You can do similar things for the other as_* methods of the query interface. The following is a list of all the as_* methods with a link to the API documentation for the types of objects they return:

Whenever you need to access data in the database, the aforementioned methods in the query interface should be the primary means of getting that data. This is primarily because some of the as_* methods (like as_plays and as_aggregate) are optimized to be fast in the presence of a lot of data. Also, I believe the query interface is convenient for common use cases.

However, it is not mandatory to use the query interface. The rest of this article will be dedicated to accessing data without the query interface (or, at most, with help from the query interface). Since the query interface is meant to be fast and hide the details of writing SQL, this necessarily includes a discussion on performance and sometimes writing SQL by hand.

Looking up data by primary key

Sometimes you just want to examine a particular data point like a single game. Each primary type in nfldb comes with a from_id static function that allows you to fetch a single row from the corresponding table by using its primary key identifier.

For example, for games, you can use the Game.from_id function to retrieve one game using its GSIS identifier:

ne_buf = nfldb.Game.from_id(db, '2013090800')
print ne_buf

And the output is:

[andrew@Liger nflgame] python2 scratch.py
Regular 2013 week 1 on 09/08 at 01:00PM, NE (23) at BUF (21)

Note that each of the from_id functions takes a database and a value corresponding to a row's primary key value. For example, for drives, the primary key is the combination of the GSIS identifier and the drive sequence number.

Walking the hierarchy of data

If you haven't read the article describing the data model or haven't perused the entity-relationship diagrams, you should do so now. In particular, pay attention to the relationships modeled in the ER diagrams.

The relationships modeled in the ER diagram imply a hierarchy of data between entities. For example, games contain drives, drives contain plays. The reverse is also true: each play belongs to a drive and each drive belongs to a game.

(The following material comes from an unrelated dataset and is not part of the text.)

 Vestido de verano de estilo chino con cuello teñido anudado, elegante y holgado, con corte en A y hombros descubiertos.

There are other hierarchies too. For example, a play contains zero or more player statistics where each player statistic corresponds to a single player. Said differently, each play contains zero or more players.

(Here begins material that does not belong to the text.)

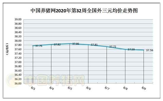 猪价系统数据监测,2020年第32周(2020年08月03日至2020年08月09日)全国生猪价格(外三元)章若楠个体偏弱运行,猪价行情在37.56-37.86元/公斤区间之内徘徊!周初猪价为37.76元/公斤,周末猪价为37.56元/公斤。全周猪价走势呈现稳中趋弱运行局面。

All of these relationships are manifest in the attributes of the types described earlier. For example, if you have a Game object, then you can access the drives of that game via the drives attribute:

ne_buf = nfldb.Game.from_id(db, '2013090800')
for drive in ne_buf.drives:
    print drive

And the output is:

[andrew@Liger nflgame] python2 scratch.py
[Punt        ] NE  from OWN 14 to OPP 44 (lasted 02:55 - Q1 15:00 to Q1 12:05)
[Fumble      ] BUF from OWN 10 to OWN 11 (lasted 00:32 - Q1 12:05 to Q1 11:33)
[Touchdown   ] NE  from OPP 16 to OPP 9  (lasted 00:47 - Q1 11:33 to Q1 10:46)
...

The drives attribute is implemented as a Python property, which means that accessing it actually calls a method, but that fact is hidden from you. Namely, it would be very expensive to populate every game object with every drive every time a game object is created. Instead, the drives property will fetch drives from the database only when it is first accessed. Therefore, if you never need the drives for a particular game, you don't need to pay the cost of fetching them. Of particular note is that the cost is only paid once for each object. So if you do:

drives = game.drives
again = game.drives

then only the first access of game.drives will query the database. Subsequent accesses will return the same data immediately from a cache.

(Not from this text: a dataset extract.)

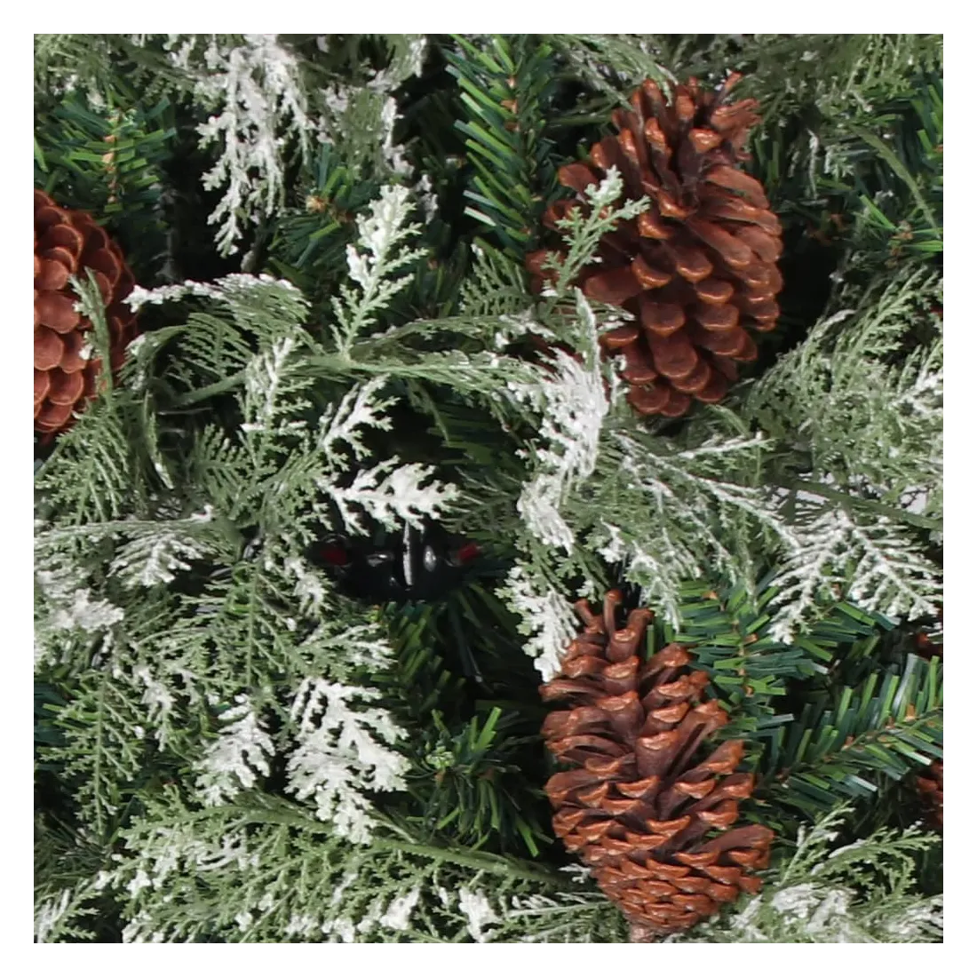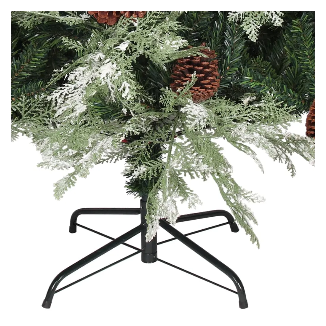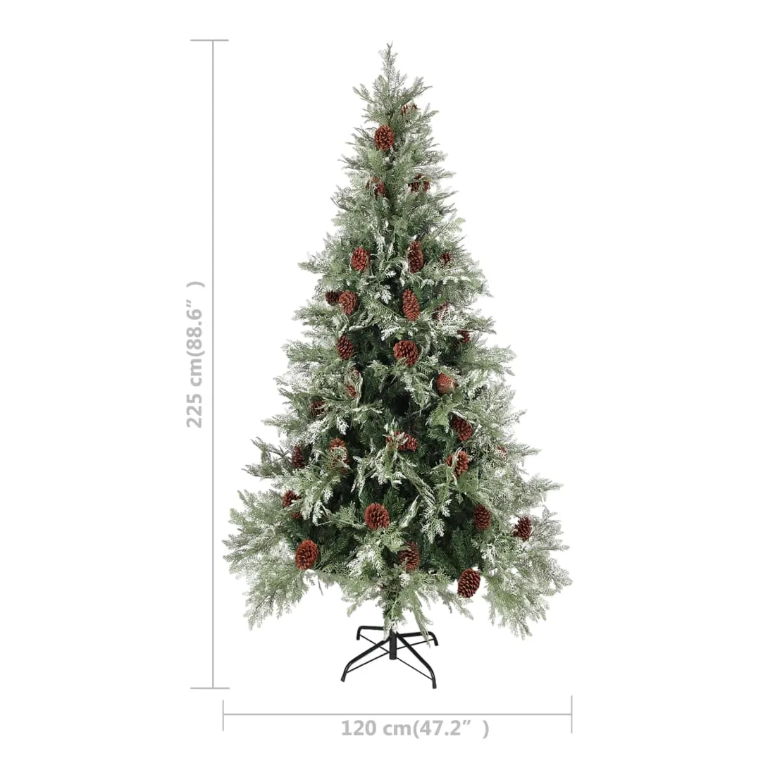 Sapin de Noël pré-éclairé pommes de pin vert blanc 225cm PVC PE

As you might have guessed, drives is not the only property like this. There are many others that are designed to let you walk the hierarchy of data. The following table shows all of them.

Type Relationship Attribute Return type
Game has many drives list of Drive
Game has many plays list of Play
Game has many play_players list of PlayPlayer
Game has many players list of pairs (team_name, Player)
Drive belongs to a game a Game
Drive has many plays list of Play
Drive has many play_players list of PlayPlayer
Play belongs to a drive a Drive
Play has many play_players list of PlayPlayer
PlayPlayer belongs to a play a Play
PlayPlayer belongs to a player a Player

This sort of access is particularly useful when you want to see the context of some statistics. For example, you've undoubtedly seen my example for computing the top quarterbacks in a season by passing yards:

q = nfldb.Query(db)
q.game(season_year=2012, season_type='Regular')
for pp in q.sort('passing_yds').limit(5).as_aggregate():
    print pp.player, pp.passing_yds

Since as_aggregate returns a list of PlayPlayer objects, we can use the player attribute to access data about the player that recorded those statistics. In this case, pp.player is a Player which has all available meta data on the player in pp. e.g., pp.player.full_name is the player's full name.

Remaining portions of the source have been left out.